Blog.

Streaming, Persistence, and Inspection: Building a Data Pipeline for IoT Devices

Cover Image for Streaming, Persistence, and Inspection: Building a Data Pipeline for IoT Devices
Stan Malinowski
Stan Malinowski

Streaming, Persistence, and Inspection: Building a Data Pipeline for IoT Devices

NOTE: this is a link post, original is in the repo.

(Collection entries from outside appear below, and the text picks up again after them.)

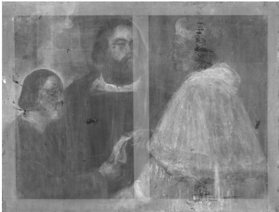
fig. 1 X-radiograph, Follower of Titian, Girolamo and Cardinal Marco Corner Investing Marco, Abbot of Carrara, with His Benefice , c. 1520/1525, oil on canvas, National Gallery of Art, Washington, Timken Collection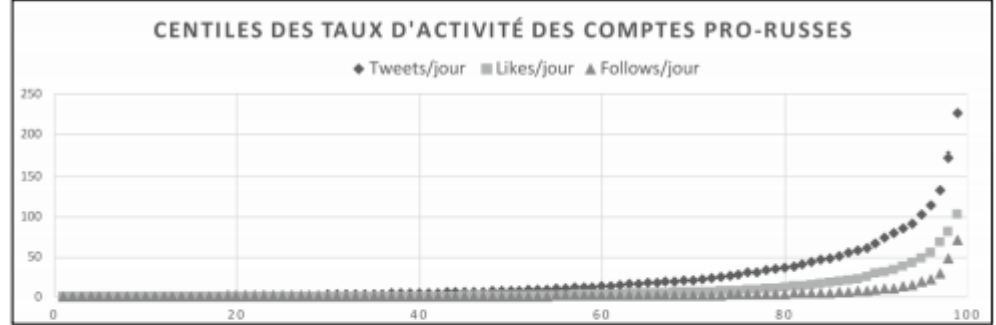
Translation : Pro-Russian accounts activity rates sorted by centiles (Tweets/day, Likes/day, follows/day)

To start, it is necessary to assert beyond what daily number of tweets, follows, or likes it is possible to determine that an account acts abnormally. To respond to this methodological question, we have divided our databases into percentiles. For example, in the case of our Twitter database of pro-Russian accounts, we have created a compartmentalization in percentiles according to the rate of tweets/day, favorites/day, follows/day (the average number of individuals to which the account subscribes every day) for each of the accounts in the database: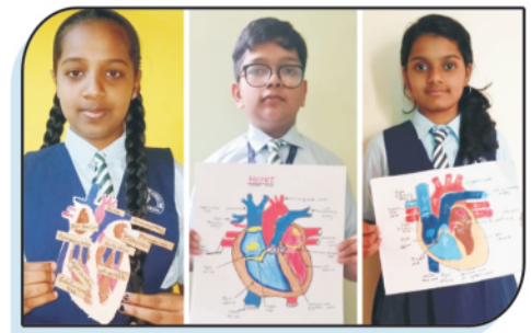
Students made various Models of Science.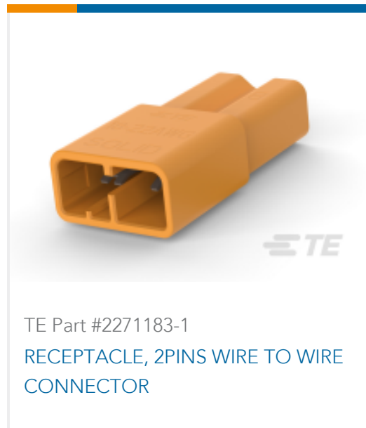
TE Part #2271183-1 RECEPTACLE, 2PINS WIRE TO WIRE CONNECTOR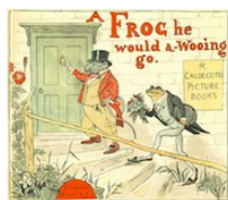
Activity Books - Print and Play

See below or click on Books to see different categories. All the books are free to use and some of the books are also available for download.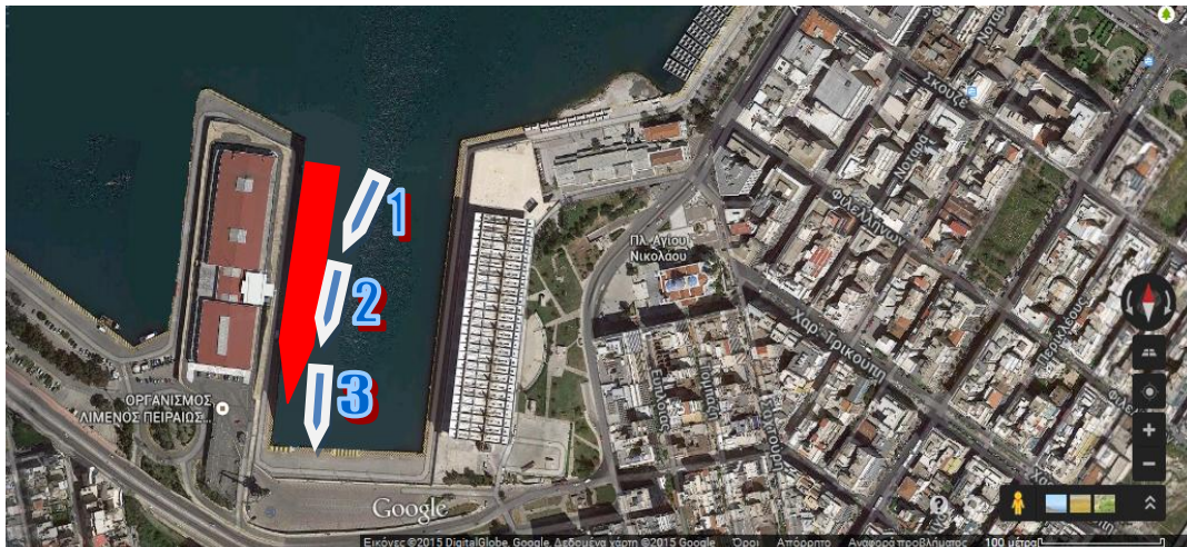
Picture 1: View of the area of Pier No.3 (Xaveri Coast) in the Central Port of Piraeus. The positions of the ships involved, SEABOURNSPIRIT (red) and MANTOUDI (white - blue) are shown (without the use of a scale) as follows:

The ever-growing ecosystem of IoT devices generates vast streams of data that require robust handling for real-time insights and long-term storage. Whether you're monitoring environmental sensors, tracking industrial equipment, or analyzing smart home devices, managing the flow, persistence, and inspection of IoT data is a common challenge. In this post, I’ll walk you through a proof-of-concept system designed to showcase a practical approach to streaming, storing, and visualizing IoT data.

This guide will demonstrate how to set up an MQTT broker for handling data streams from IoT devices, persist that data for later analysis, and inspect it through interactive tools. We'll take a modular approach, ensuring you can follow along and adapt the system to your own needs. Prerequisites

Before we dive in, ensure you have the following installed on your system:

  • Docker / Podman: For containerized services.
  • Devcontainer

Optional:

  • MQTT Client: Such as mosquitto_pub or paho-mqtt for testing the broker.
  • A JSON Viewer: Optional but helpful for inspecting payloads.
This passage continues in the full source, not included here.